Quel lien Amougou Belinga aurait-il pu avoir avec la mort de l'archevêque émérite de Bafoussam ? Aucun motif apparent ne permet d'établir une telle connexion. Si Savom était impliqué dans les deux décès, cela suggérerait plutôt qu'il opérait pour d'autres donneurs d'ordre, dans le cadre d'une mission plus large d'élimination de personnalités gênantes.

Pour autant, la confirmation de la thèse Savom ne signifierait pas nécessairement un acquittement automatique pour Amougou Belinga. Le magnat des médias pourrait toujours être poursuivi pour d'autres chefs d'accusation, notamment s'il était établi qu'il avait connaissance du complot ou qu'il avait entretenu des relations avec les véritables commanditaires.

Cependant, sur le plan de la perception publique et de la charge pénale, passer du statut de commanditaire présumé à celui de suspect périphérique constituerait indéniablement un soulagement majeur. La défense d'Amougou Belinga pourrait alors arguer que son client a été victime d'une manipulation visant à faire porter sur lui la responsabilité d'un crime perpétré par d'autres, en exploitant le conflit public et notoire qui l'opposait à Martinez Zogo.

Les déclarations d'Alain Ékassi devront être étayées par des preuves matérielles solides pour emporter la conviction du tribunal militaire. Les juges devront notamment déterminer sur quelles bases le témoin fonde ses accusations et si d'autres éléments corroborent sa version des faits.

L'analyse complémentaire des communications et des mouvements de Martin Savom, que le juge Sikati II Kamwo n'avait pas eu le temps d'ordonner avant son dessaisissement en décembre 2023, prendra une importance capitale. Les relevés bancaires, les géolocalisations et les nouveaux témoignages permettront peut-être d'établir définitivement le rôle exact du maire de Bibey dans cette tragédie.

Pour Jean-Pierre Amougou Belinga, l'audience du 24 novembre 2025 pourrait marquer le début d'un changement de fortune judiciaire. Mais pour les proches de Martinez Zogo et pour l'opinion publique camerounaise, la priorité reste la manifestation de la vérité, quelle qu'elle soit, sur les véritables commanditaires et exécutants de l'assassinat du journaliste qui dérangeait.

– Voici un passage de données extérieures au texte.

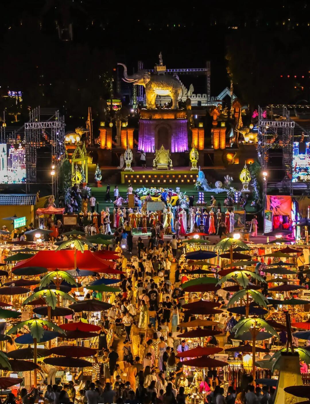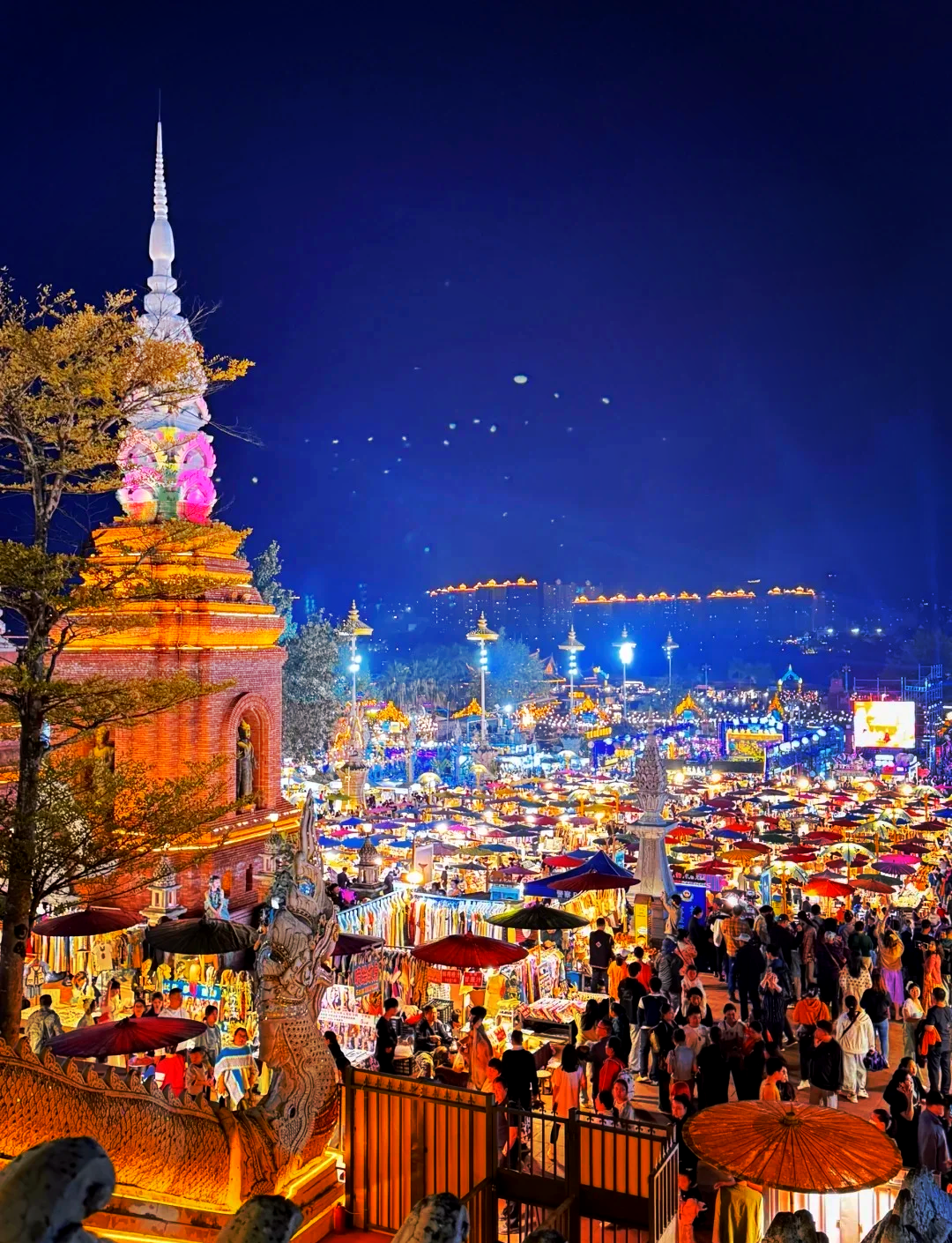 告庄星光夜市,又称星光夜市,位于西双版纳景洪市告庄西双景内,是云南省西双版纳傣族自治州景洪市的一条步行夜市,也是西双版纳最古老繁华的夜市,更是基诺族、傣族等多民族美食的重要旅游景点之一。 夜市宽约8米,长近800米,略呈东西走向,东到大金塔广场,西到澜沧江边,中间与赶摆街、六国水上市场交汇。 景区明清风格的傣泰建筑、古亭、名人故居、纪念馆等这些古老的建筑保存皆完整,是一站式打卡基诺族、傣族等滇南美食的绝佳去处。

L'affaire Martinez Zogo, déjà extraordinairement complexe, vient de franchir un nouveau palier dans ses ramifications. Si la thèse Savom se confirmait, elle révélerait un niveau de sophistication criminelle et de connexions au sommet de l'État qui dépasserait largement le cadre d'une simple vengeance d'homme d'affaires froissé.